If that’s too much of a hoop for you, I’ll just take the sandwich, no fries with that.
“Oh, you don’t want to work for us? Well that’s a bullet dodged because not wanting to work for us means you suck (expressed in any number of ways, in this case you say I’m cynical) . We remain awesome!”
I mean, there definitely are bad companies that abuse that attitude.
However, on the other hand, a lot of keyboard warriors on here love to be edgelords about refusing to take any initiative, as if every single form of interview that makes you work the muscle in your skull is a violation of the Geneva convention.
Like I said, perhaps selfishly, I don’t want to work with people who are going to complain every time they’re made to do something while being paid very good money to do it. I’m not telling them to work a 996 or miss their kids’ dance recital, I’m just asking for a solid 4-6 hours of honest work per day.
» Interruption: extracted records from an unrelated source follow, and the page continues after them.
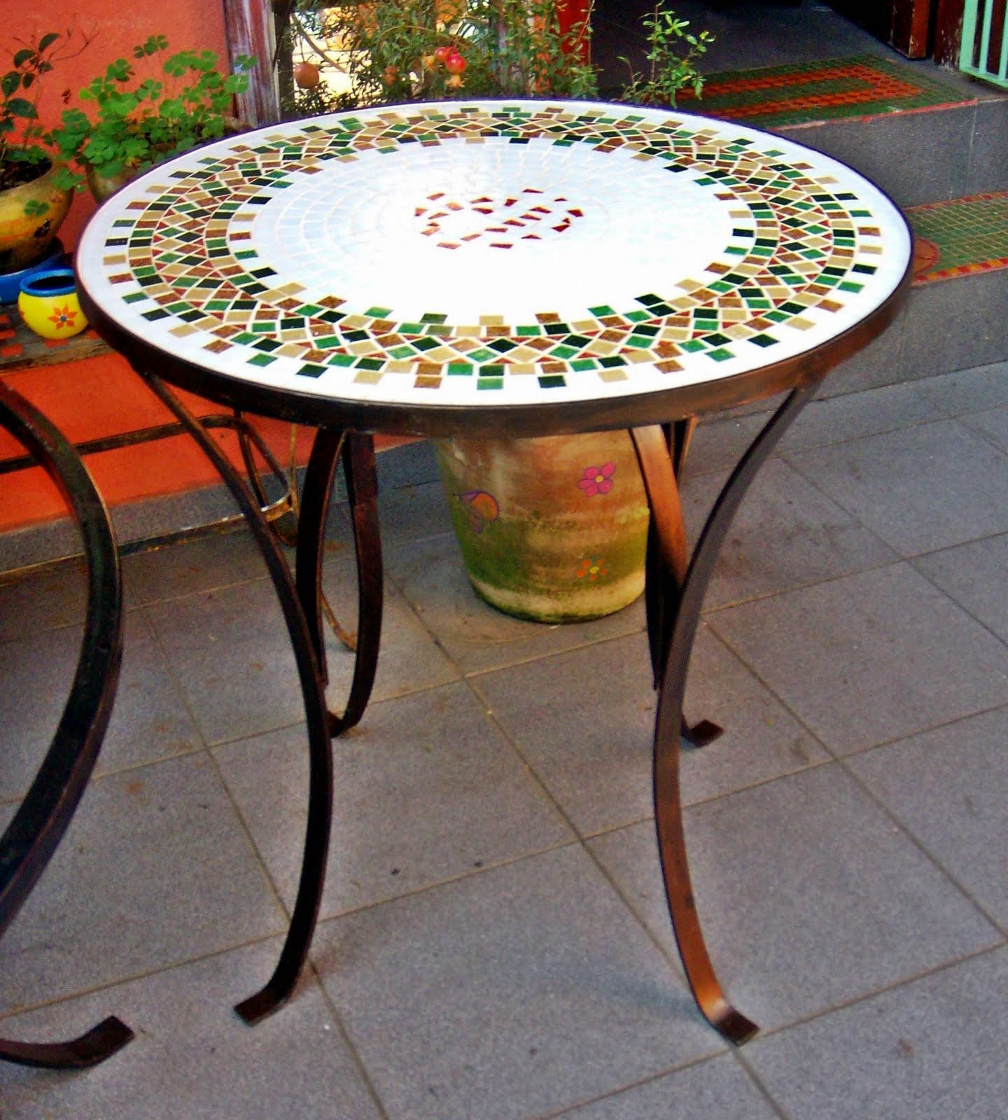 A mesa foi feita usando base de cimento para o mosaico, pois a mesma ficará em área externa. O tampo foi embutido na base de ferro, que pintei de ouro velho.
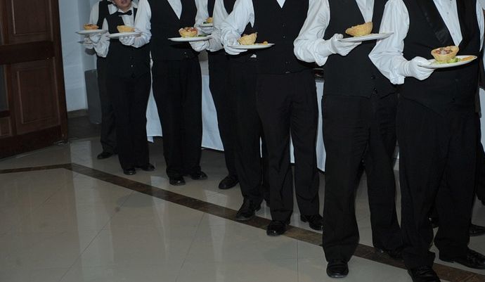 Ospatarul i-a explicat copilului ca nu poate intra in sala decat dupa dansul mirilor, deoarece usile strebuie sa ramana inchise in tot timpul momentului pentru ca se folosea gheata carbonica.
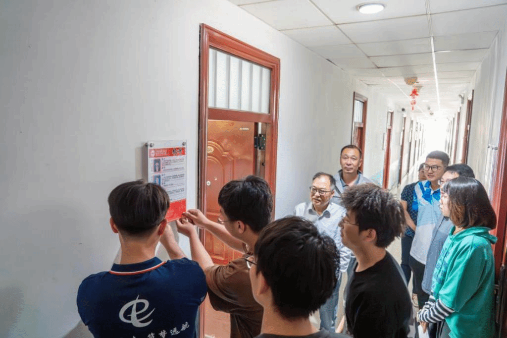 随后,学院领导带领全体辅导员深入学生宿舍,亲自为“朋辈榜样宿舍”挂牌,并勉励挂牌宿舍学生严格要求自己、团结同学,发挥先锋模范作用。会后,同学们表示这次宿舍挂牌不仅是荣誉,更是激励和督促;今后一定会继续在学习和生活中主动亮明身份,以最好的青春、最美的奋斗,接好新一代燕大人的接力棒。

I don’t want to put my future coworker through six rounds of interviews. If it takes more than three rounds + a phone screen to figure out if someone is a good fit then the process is broken.
Whether it's reasonable depends on the distribution, not just the duration.
A 2 hour onsite with the candidate being rapid-fire interviewed by six different different teams and a 20 minute call every couple weeks for three months are very different (and select for very different types of candidates) despite having the same overall duration.
> The main problem is good [doctors] have no need to sit through your 12 [years of school]. It actively selects only for the most desperate or money driven people (if you pay very well).